» **Task requirements**:
Output the span of lines from the one that contains "该等级机是日前国家上较先进性" through the end of the records, inclusive, exactly as written and free of pictures.

(Source records)
- - -

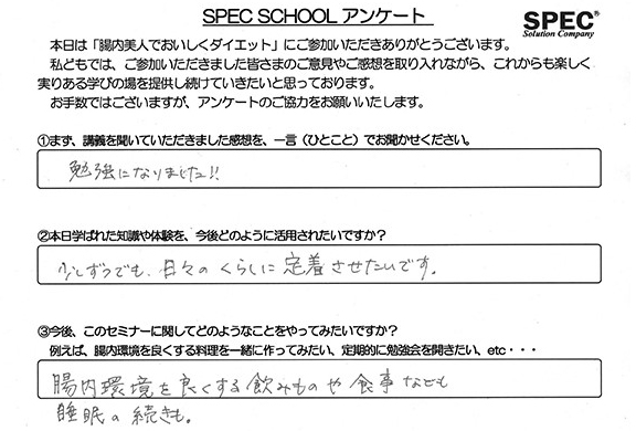 セミナー「腸内美人でおいしくダイエット」へのご感想
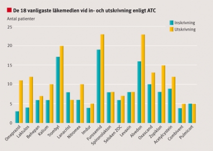 De flesta var ordinerade ett tämligen stort antal läkemedel vid ankomsten. Antalet varierade från 0 (två patienter) till 22 (en patient). Genomsnittligt antal läkemedel per patient vid inläggningen var 7,9, och vanligaste läkemedlen var furosemid, ASA (Trombyl) och paracetamol (Alvedon). Vid utskrivning var genomsnittligt antal läkemedel 10,1.
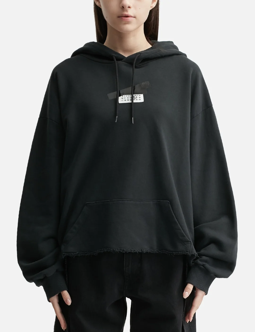 - MM6 Maison Margiela - Sweatshirt - Hood with drawcord - Ribbed cuffs - Art print and brand logo on front - Pouch pocket on front - Raw hem - Signature white stitch on back - Color: Washed Black - Material: 100% Cotton - See more Hoodies and Clothing - Model wearing size S - Model measures: Height 179cm, Chest 32’’/ 81.3cm, Waist 24.5”’/62cm, Hip 34.5’’/88cm - Vendor Code: S62GU0142M25024899
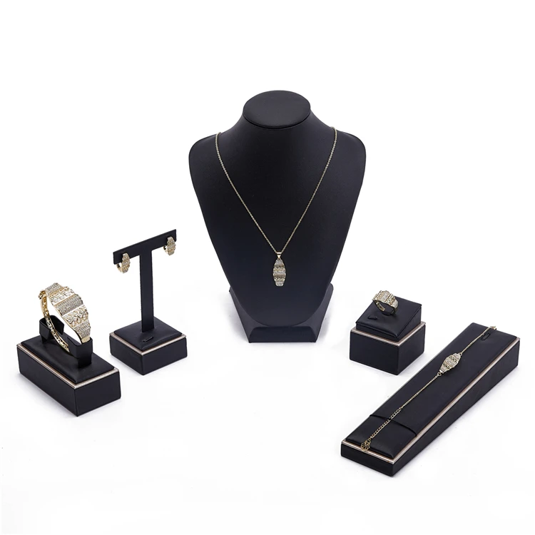 Product Name: 2021 New Fashion Simple Full Drill Gold Plated Elegant New Design Necklace Earrings Bracelet Ring Jewelry Set
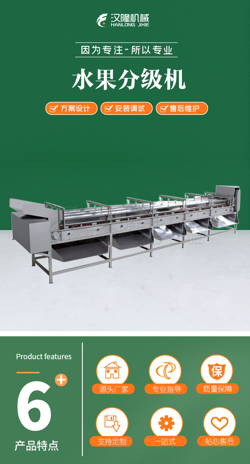 该等级机是日前国家上较先进性的分节生产设备,适于于各种各样O型果实的等级。举例:苹果公司、梨、脐橙、脐橙、柠檬片、柚子等果实的面积大小来进行等级,以具备下道工序的加工工艺符合必须。可结合不相同的符合必须分辨不相同尽寸的果实,走进各口组织架构序。该设备具有着等级控制精性高、生产能力大、对果实单单从面保护性好,不受损到果实的外单单从面等性能。
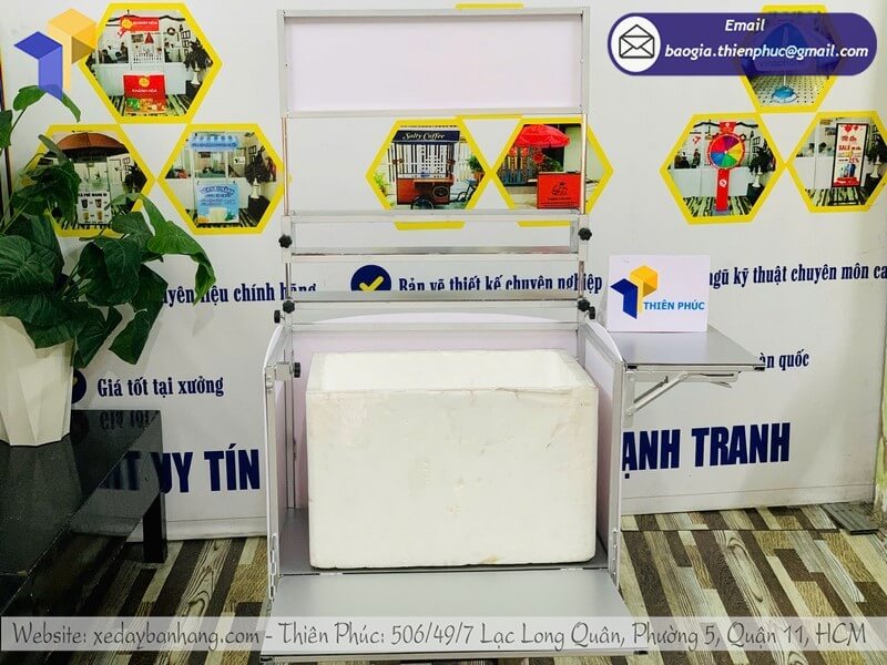 - Đa năng và tiện dụng: Thùng được thiết kế thông minh với các ngăn đựng nguyên liệu, ly, ống hút, giúp thao tác nhanh chóng.
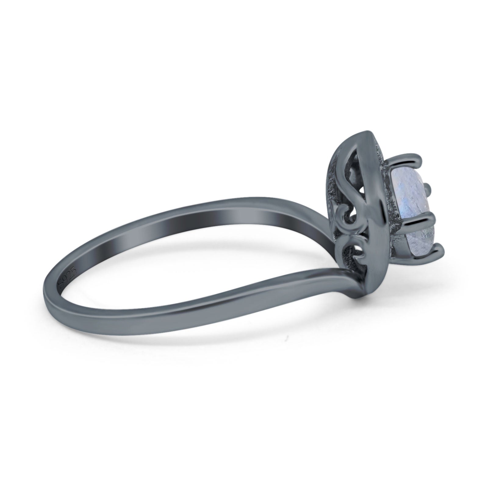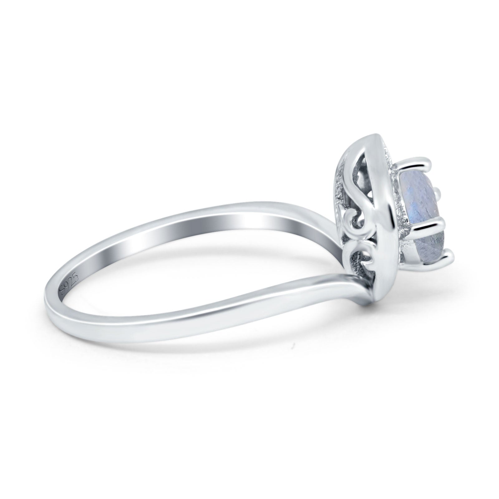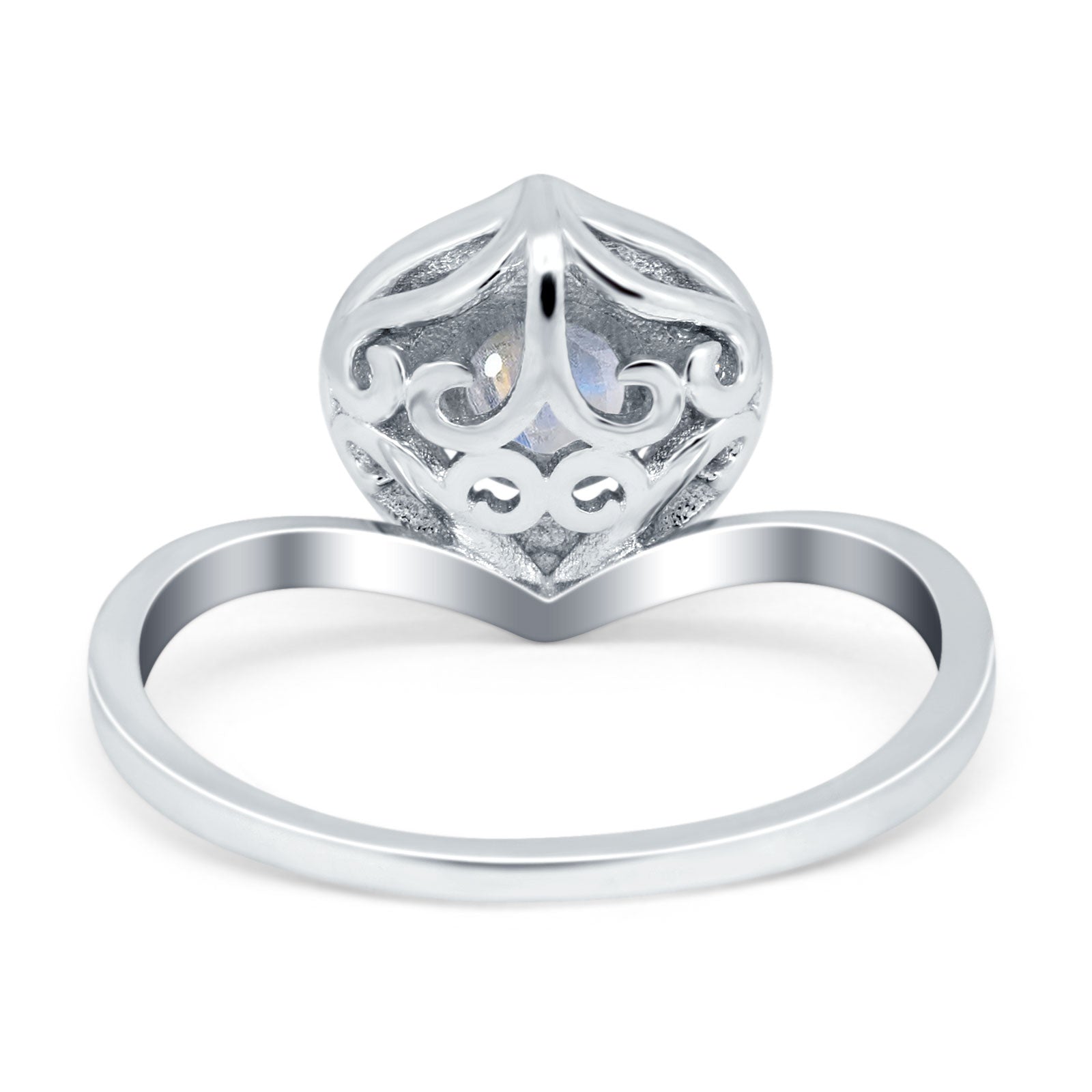Minimalist 8mm Lab Created White Opal Heart Ring 925 Sterling Silver

- - -

» **Response**:
 该等级机是日前国家上较先进性的分节生产设备,适于于各种各样O型果实的等级。举例:苹果公司、梨、脐橙、脐橙、柠檬片、柚子等果实的面积大小来进行等级,以具备下道工序的加工工艺符合必须。可结合不相同的符合必须分辨不相同尽寸的果实,走进各口组织架构序。该设备具有着等级控制精性高、生产能力大、对果实单单从面保护性好,不受损到果实的外单单从面等性能。
 - Đa năng và tiện dụng: Thùng được thiết kế thông minh với các ngăn đựng nguyên liệu, ly, ống hút, giúp thao tác nhanh chóng.
Minimalist 8mm Lab Created White Opal Heart Ring 925 Sterling Silver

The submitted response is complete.